The origin of the concept of a project management maturity model, is lost in the mists of time.
With evidence of project management skills as far back as the time of the building of the Pyramids and the Great Wall of China and other great wonders of the world - it is quite logical to assume that there could have been an early project management maturity model to map the progress of developing project management skills.
After all, for an ancient project manager the price of failure came high!
In more recent times the concept of a project management maturity model has evolved considerably from the software industry with the need to understand and measure many variables, manage great complexity, obtain consistent results and achieve stringent delivery targets within budget.
From that point on, and with director level sponsorship and support - all things are possible.
There are many types of project management maturity model [I am aware of over 35] and the dominant project management maturity model is the P3M3 Model created and sponsored by the OGC [UK Office of Government and Commerce] in association the APMG [UK Association of Project Management Group].
This is a composite and enhanced project management maturity model that addresses the 3 related aspects of large-scale project management and that glories in the full title of “Portfolio, Programme and Project Management Maturity Model”. Details below.
In 2003 “The Project Management Institute” came up with the following definition of a maturity model:
"Organisational Project Management Maturity describes an organisation’s overall ability to select and manage projects in a way that supports its strategic goals”.
Well that all sounds very noble - but the simple rationale for having and using a project management maturity model is quite simply that projects fail! [And the same is true for programme and change management.]
A survey conducted in 2003 by the Standish Group (US) showed that 66% of IT projects are either totally abandoned or fail against a measure of budget, scope, time or quality (i.e. ‘challenged’). A similar study in the UK by Computer Weekly showed that 84% of projects either failed or were challenged.
It has been estimated that the cost to US business of failing or abandoned IT projects runs into hundreds of billions of dollars.

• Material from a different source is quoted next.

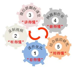 《物理化学A》是买球体育官方网站化学和应用化学专业本科生的核心专业理论课,主要讲授化学过程的基本原理和基本规律,为实际的科研和生产过程提供理论指导。物理化学课程中的理论都是建立在大量抽象的概念、模型以及数学推导的基础之上,因此需要缜密地分析和反复地推敲才能理解这些概念的物理意义以及理论适用的体系和条件。另外,由于课程讲授的是最基本的理论,同学们在学习课程的过程中容易感觉课程内容过于经典,产生课程内容对化学前沿研究无用的错觉。针对课程的这些特点,为了确保线上教学具有良好的效果,课程负责人刘兆阅老师在线下授课的基础上,采取多维措施对线上教学进行设计,建立了适合《物理化学A1》线上教学的“5懂”授课模式(图1)。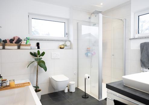 - ein Badezimmer im Obergeschoss mit Doppelwaschtisch, Badewanne und Dusche

Closer to home, the UK government have wasted countless billions of pounds on failed projects.
But successful projects - delivering the new capabilities - are no guarantee of a success at programme level.

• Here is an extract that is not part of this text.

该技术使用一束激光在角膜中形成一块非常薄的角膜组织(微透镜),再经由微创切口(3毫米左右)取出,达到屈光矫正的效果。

For a programme to succeed, the intended organisational benefits have to be achieved.
At the programme level the failure rate remains high.
For a research summary of reasons for programme and major change initiatives' failure, see - Research findings
Progress driven by pain
In most organisations the evolution of project management, programme management and change management skills typically lags far behind the development of other capabilities within the company. So the state of maturity to a large degree reflects the prevailing dominant corporate culture.
Given that companies [or more accurately directors] don’t know what they don't know – the level of maturity of the company - as measured on any project management maturity model - remains invisible.
In fact the very concept of a project management maturity model remains invisible.
This is the point at which progress becomes possible as progress needs sponsorship.
And as the focus shifts to improving performance, there are two principal targets.
(1) To improve how any specific project, programme and change is managed.
(2) To improve performance in overall organisational capability in project, programme and change management.
The purpose of this assessment is to show the extent to which the infrastructure within the organisation supports the project, programme and change management efforts.
Benefits of a structured assessment
The main benefits of the subsequent structured assessment of maturity within the organisation isn’t in understanding the current level at which the company is performing, but rather in setting direction, prioritising actions and beginning cultural change.
So, taking project management as an example: an organisational project management maturity model provides guidance to an organisation regarding how to: -
Articulate project success
Measure project performance
Make the delivery of projects more predictable
Help projects work together instead of against each other in a multi-project environment
It is becoming more important for organisations to translate organisational strategy repeatedly and reliably into successful project, programme and change outcomes.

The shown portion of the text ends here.